▸ Exercise:
A verbatim reproduction of the following listing is required; omit the pictures.

▸ Stored data:
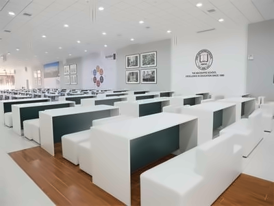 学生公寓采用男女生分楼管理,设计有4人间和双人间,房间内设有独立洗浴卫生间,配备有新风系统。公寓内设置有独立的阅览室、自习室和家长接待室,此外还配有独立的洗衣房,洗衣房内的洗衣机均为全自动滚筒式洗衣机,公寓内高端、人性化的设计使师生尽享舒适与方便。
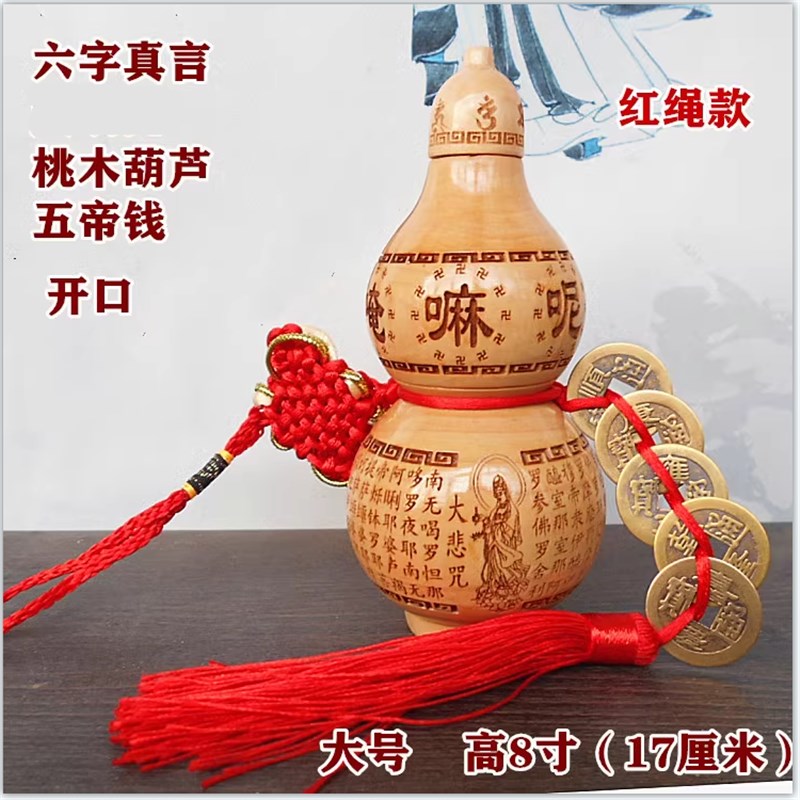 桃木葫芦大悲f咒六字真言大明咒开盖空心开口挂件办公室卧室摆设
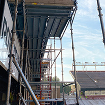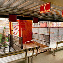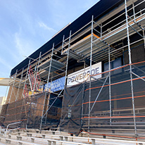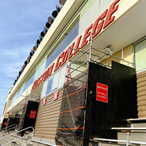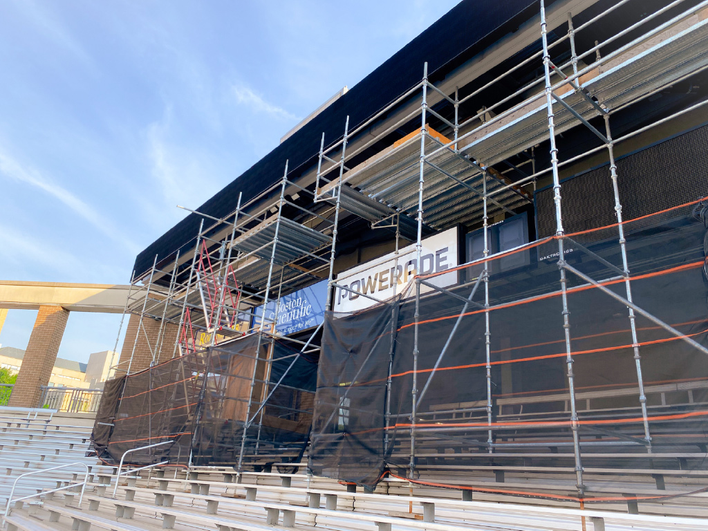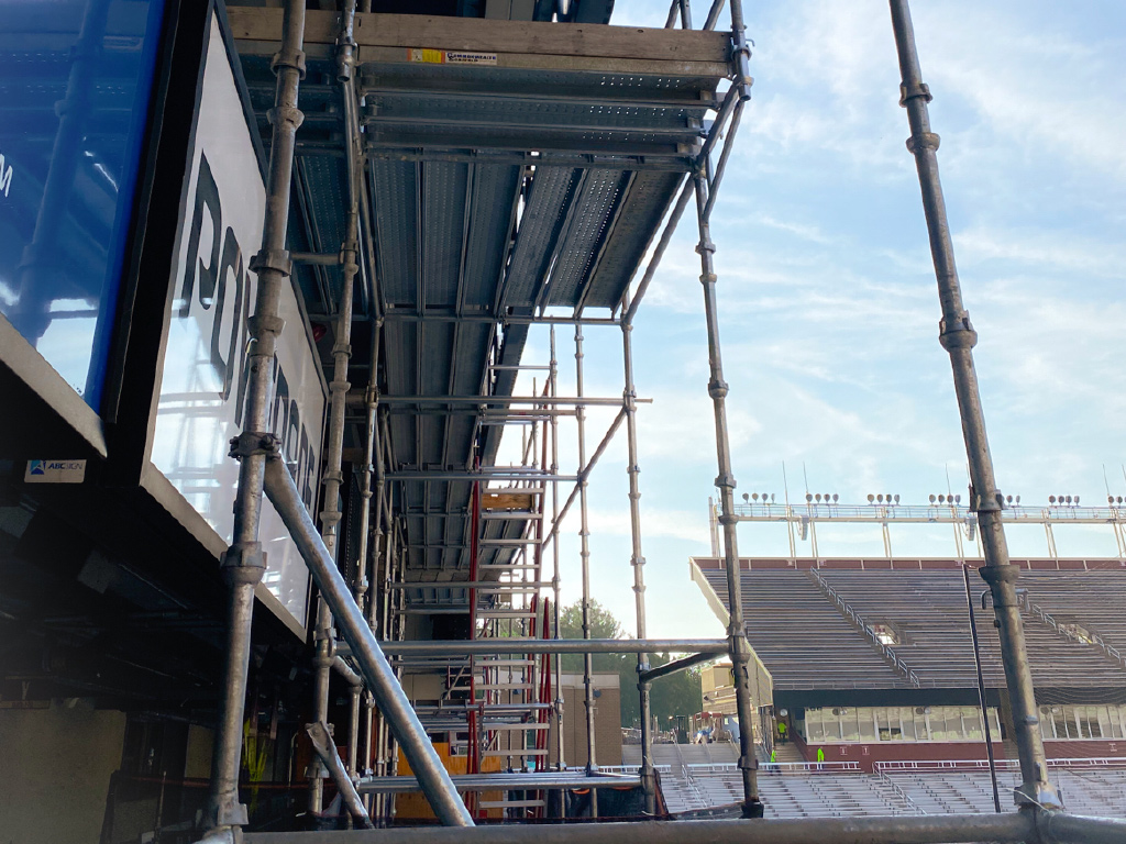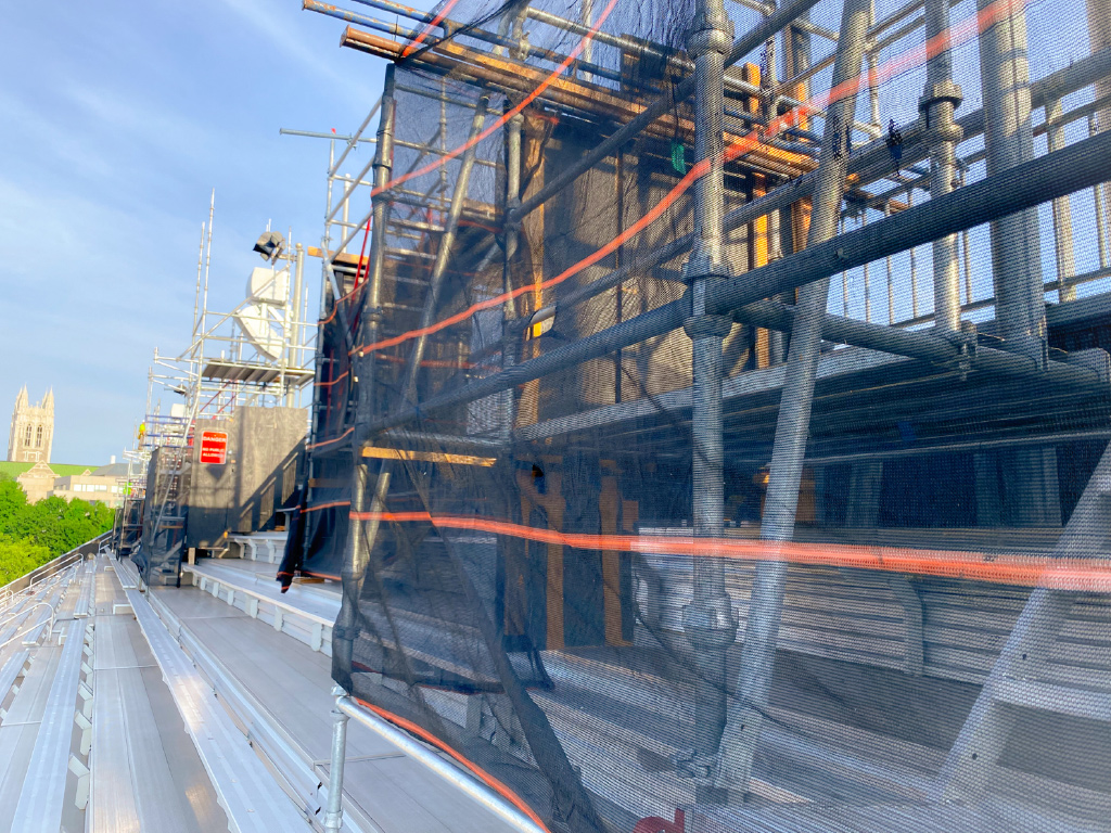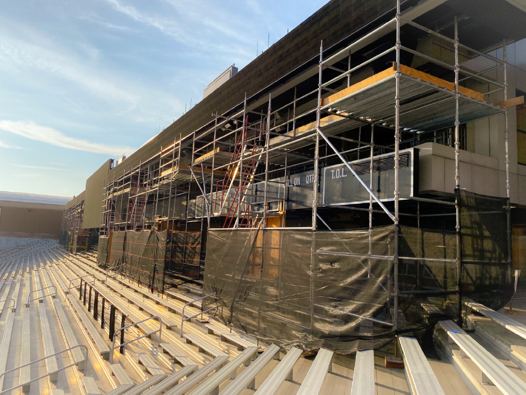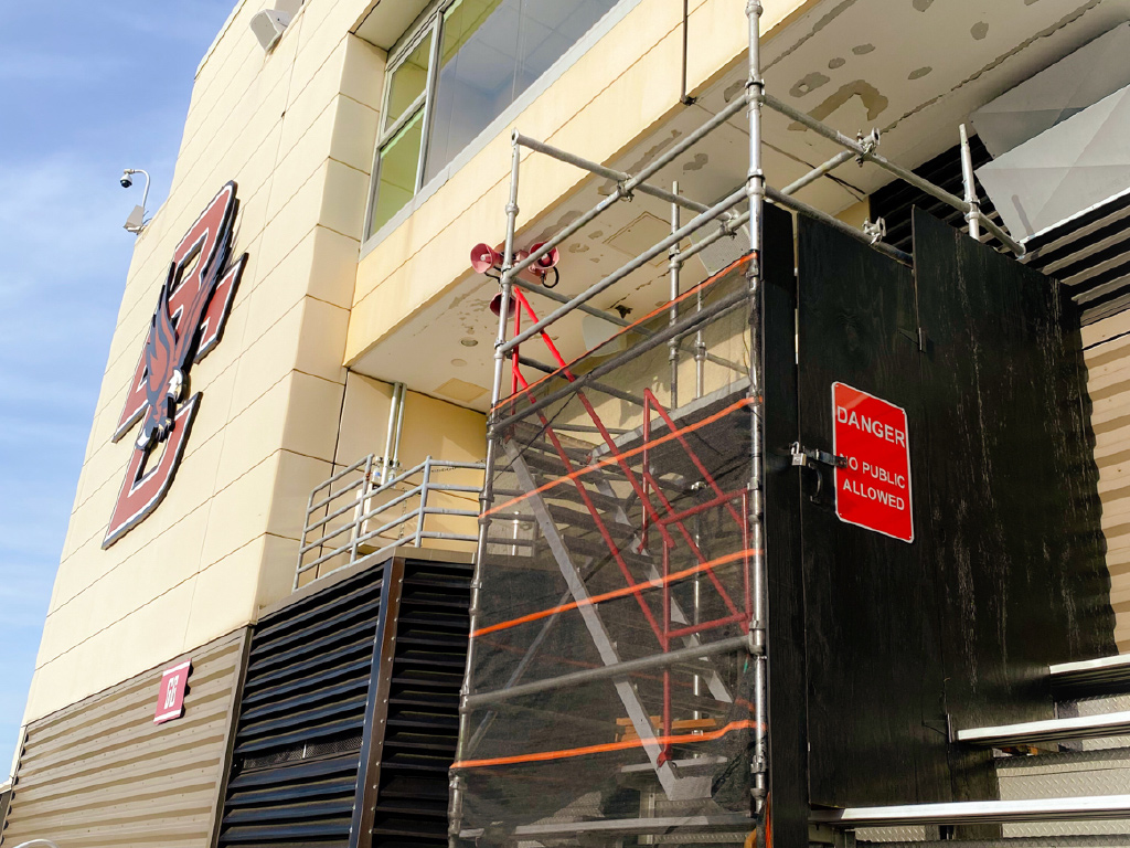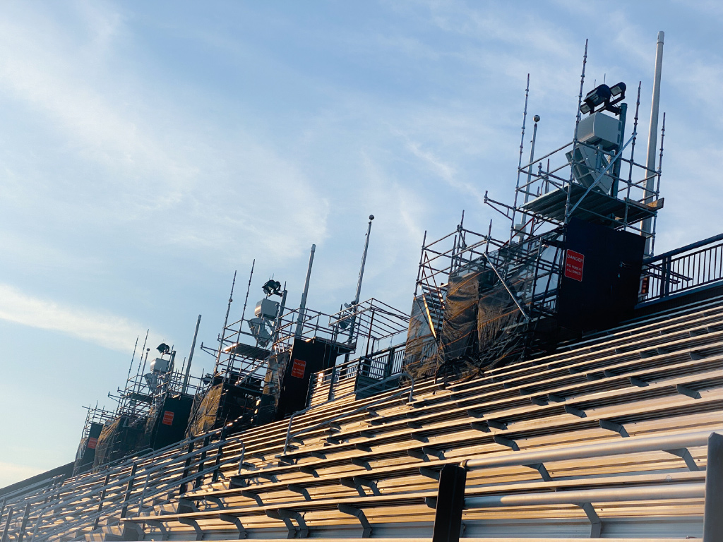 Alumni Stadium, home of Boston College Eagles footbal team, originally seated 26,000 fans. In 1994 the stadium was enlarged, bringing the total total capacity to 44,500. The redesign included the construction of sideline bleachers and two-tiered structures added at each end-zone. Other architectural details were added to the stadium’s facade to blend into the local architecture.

▸ Task answer:
 学生公寓采用男女生分楼管理,设计有4人间和双人间,房间内设有独立洗浴卫生间,配备有新风系统。公寓内设置有独立的阅览室、自习室和家长接待室,此外还配有独立的洗衣房,洗衣房内的洗衣机均为全自动滚筒式洗衣机,公寓内高端、人性化的设计使师生尽享舒适与方便。
 桃木葫芦大悲f咒六字真言大明咒开盖空心开口挂件办公室卧室摆设
 Alumni Stadium, home of Boston College Eagles footbal team, originally seated 26,000 fans. In 1994 the stadium was enlarged, bringing the total total capacity to 44,500. The redesign included the construction of sideline bleachers and two-tiered structures added at each end-zone. Other architectural details were added to the stadium’s facade to blend into the local architecture.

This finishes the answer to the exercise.